Hello and welcome to the third story in the Wardens of Ferelden series! This story directly follows the events of Flowers of Kirkwall, so if you haven't read that, I'd recommend it.
There are also some blanket content warnings for this fic, because it doesn't deal with a lot of happy things for most of the story. They won't be in every chapter, but they feature pretty prominently in some. Here's your list:
-torture
-discussion of torture (adult and child)
-off-screen sexual exploitation
-off-screen sexual abuse/rape (adult and child)
-slavery
-description of child abuse (mental, emotional, physical)
-discussion of suicide and suicidal thoughts
-alcohol as coping mechanism
Nehna, daughter of Sora, crafter for Clan Revasina, had had her vallas'lin for three years when she saw Adan Escipo kill a human in Antiva's thin southern woods with a swing of his hatchet, and fallen in love. The city elf was nothing like what she'd been told the flat-ears were- he was beautiful, he was graceful, he had tattoos, he was deadly. This was no trembling craven.
When she blurted this out to him, he tucked some of his loose sun-blond hair behind and ear and erupted into pleased laughter, green eyes scrunching up, light skin dappled darker in the shadows of the pine branches.

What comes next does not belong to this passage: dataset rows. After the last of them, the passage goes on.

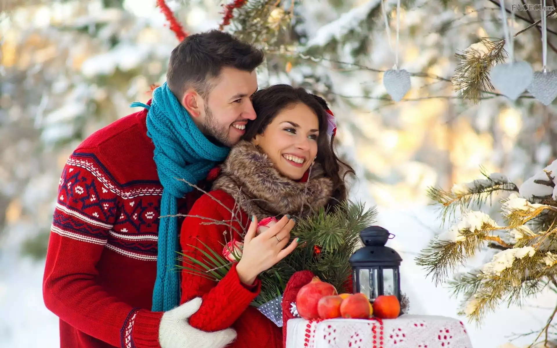 Lampion, Serduszka, Para, Radosna, Choinka - faceci.biz
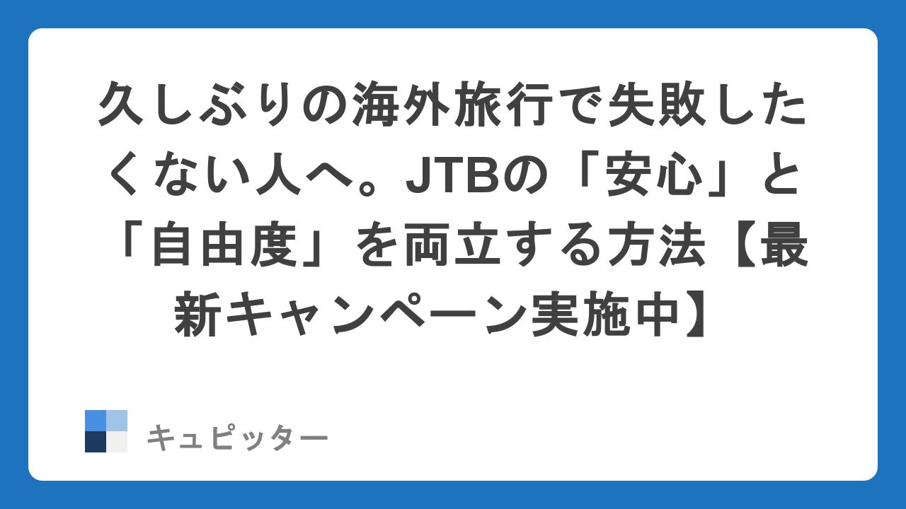 久しぶりの海外旅行、不安はありませんか?JTBが「究極の正解」である理由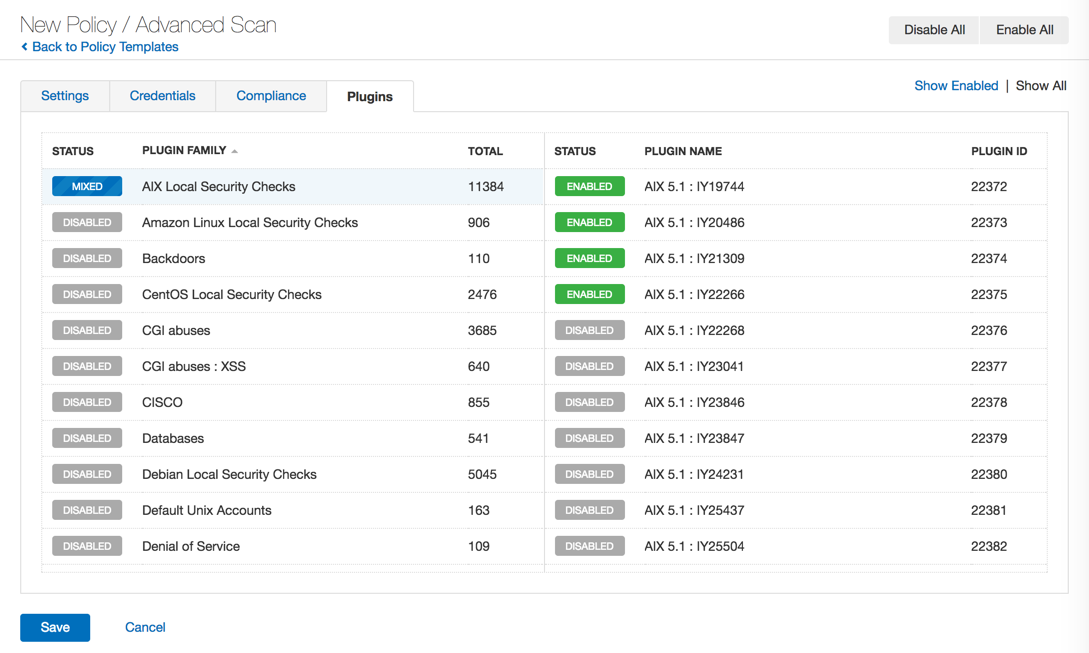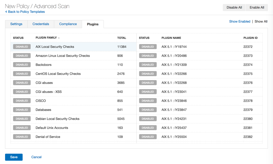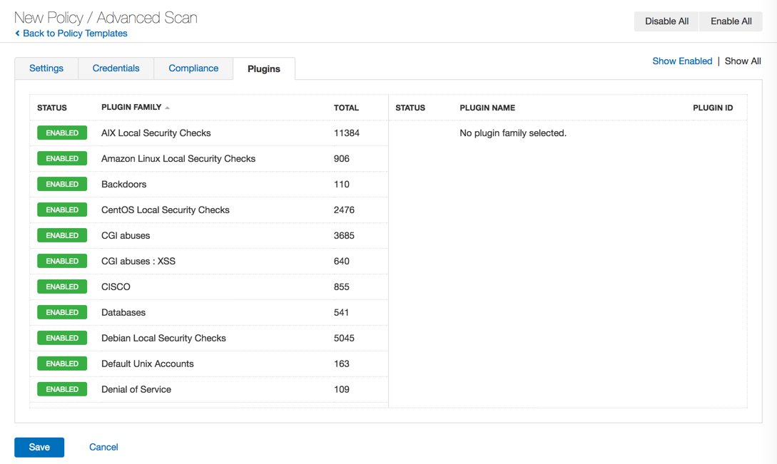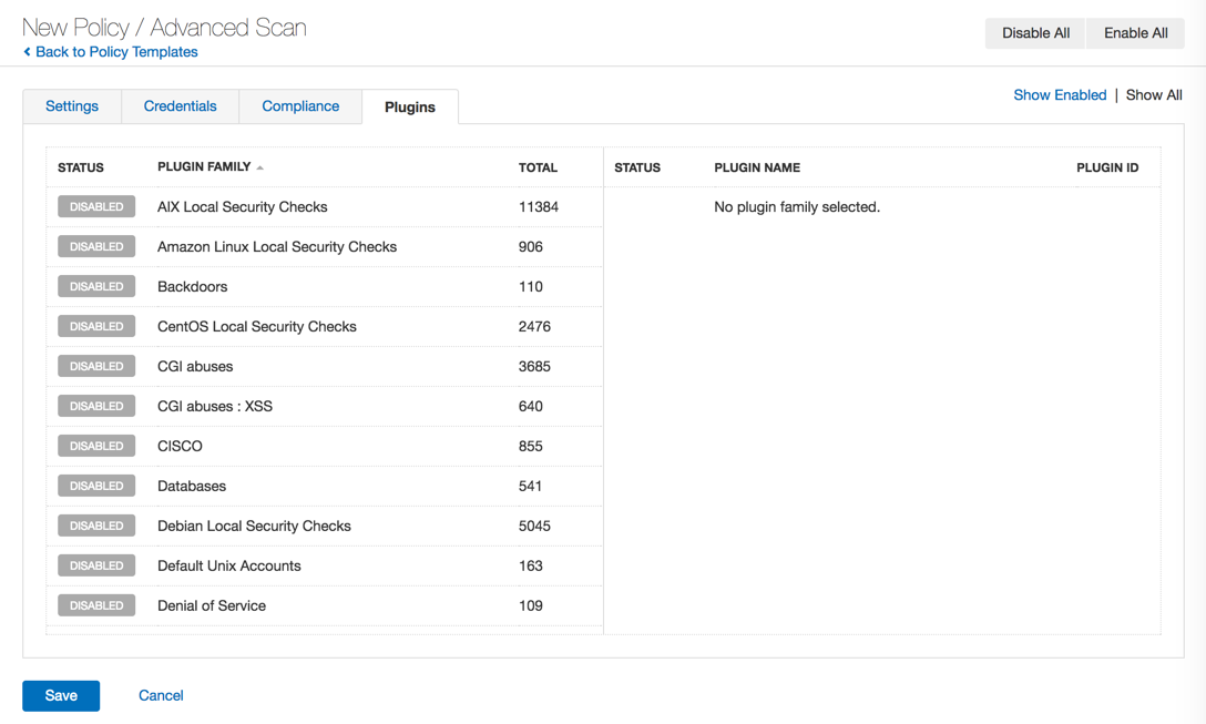 Tip: To enable or disable all plugins quickly, click the Enable All and Disable All buttons in the upper right corner. If you only need to enable one or a few individual plugins, Tenable recommends disabling all plugins. Then, you can select individual plugins as described in step 8. -
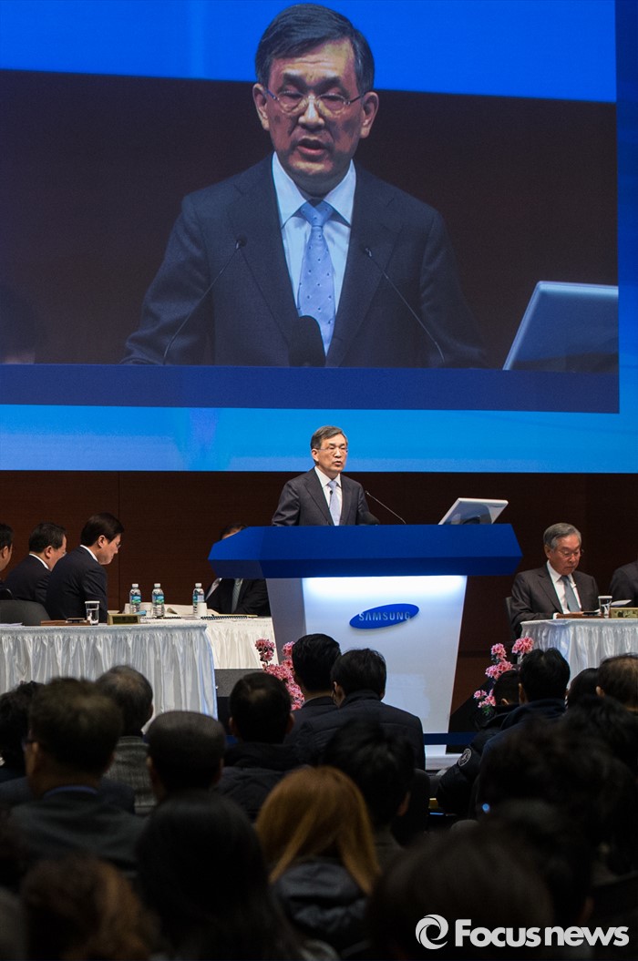 서울 서초사옥 다목적홀에서 열린 47기 삼성전자 주총에선 재무제표 승인, 이사 선임, 이사 보수한도 승인, 정관 일부 변경 건이 다뤄졌다. 정관 변경은 그동안 대표이사가 맡아오던 이사회 의장직을 이사 중에서 선임할 수 있도록 하는 것이다.

"And you are very little like the barbarian elves I have been told to expect in the wilderness," he said, and did a strange thing. He took her hand and bowed over it, like the genuflection you made to the most esteemed Hahren and Keepers, and kissed it. It shouldn't have been intimate, but she'd burned with heat all the same, and in her distraction, the only thing she could manage to do was ask what he did.
Adan's eyes had glittered with humor and secrets when he told her he was a woodcutter.
He kept coming back to see her- first under the pretense of hunting for particularly fine pieces of pinewood, but eventually dispensing of the excuse entirely. He couldn't always come, but eventually, when he did, he brought presents. A bag of tiny glass beads in colors she'd only seen in flowers. Lengths of soft leather cured in a way she wasn't familiar with. Spools of gold and silver and brightly colored thread. Bronze filigree bracelets. Knives of a metal she'd never seen or heard of before, better than steel, the hilts inlaid with leaping halla. Wooden rings he'd carved and polished himself. A silk shawl with long fringe that shimmered under its own natural iridescence as well as from the tiny fragments of mica and opal strung onto the threads. A cascade of diamonds and pearls and sapphires to wear around her neck, with matching earrings.
Dalish crafters didn't often work with precious gems, but she still knew that there was no way that Adan would have been able to afford such a thing. When she asked him about it, he smiled like he was scared she'd send him away and admitted that he'd taken it from the bedroom of someone he'd killed. People paid him quite well for that sort of thing, you see.
"So, not a woodcutter," Nehna said after a moment, and Adan relaxed.
"On the contrary," he said breezily. "A woodcutter clears out the deadwood and takes only that which will make the forest as a whole stay healthy. I do the same, only my wood is people."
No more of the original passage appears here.